Congress should direct the National Academy of Sciences to examine the challenges open-access publishing raises in the US and suggest ways to address those issues, writes Michael Lubell, the director of public affairs of the American Physical Society and City University of New York professor, in a blog post at The Hill.
A bill in the US Senate, S. 779, also known as the Fair Access to Science and Technology Research (FASTR) Act, aims to make federally funded research publicly available. That way, proponents of the bill say, taxpayers who fund research don't have to pay again to see its outcomes. The bill would apply to any researcher working for or funded by a federal agency with a budget greater than $100 million and require those researchers to submit any accepted peer-reviewed paper to a digital repository and enable public access to the manuscript within a year of its publication.

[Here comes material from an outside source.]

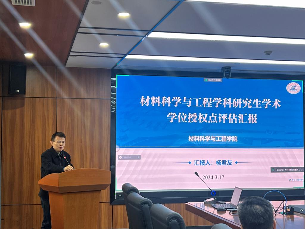 副经理杨君友汇报了学位授权点相关情况,在介绍学科特色和历史发展的基础上,对培养目标与学位标准、学术影响与基础条件、培养模式与培养质量、社会服务与经济贡献等多方面进行了详细介绍。

Lubell argues, though, that requiring papers to be freely available to the public will only shift the cost on to researchers and that that cost won't be spread evenly among investigators. The average National Science Foundation grant is $130,000, he notes. Paying open-access publication fees, which he says can reach $3,000 per article, would result in this average lab allocating nearly 10 percent of its grant fees. At the same time, Lubell notes that some fields — particularly in his field of physics — receive smaller grants, but publish the same number of papers, driving up the portion of their grant researchers would have to set aside for fees.
The three outcomes he envisions as a result of such a bill —increased federal research funding to cover costs, outside funding sources to cover fees, or decreased research quality — all present challenges. To that end, he suggests that Congress ask the National Academies to look into it and propose solutions.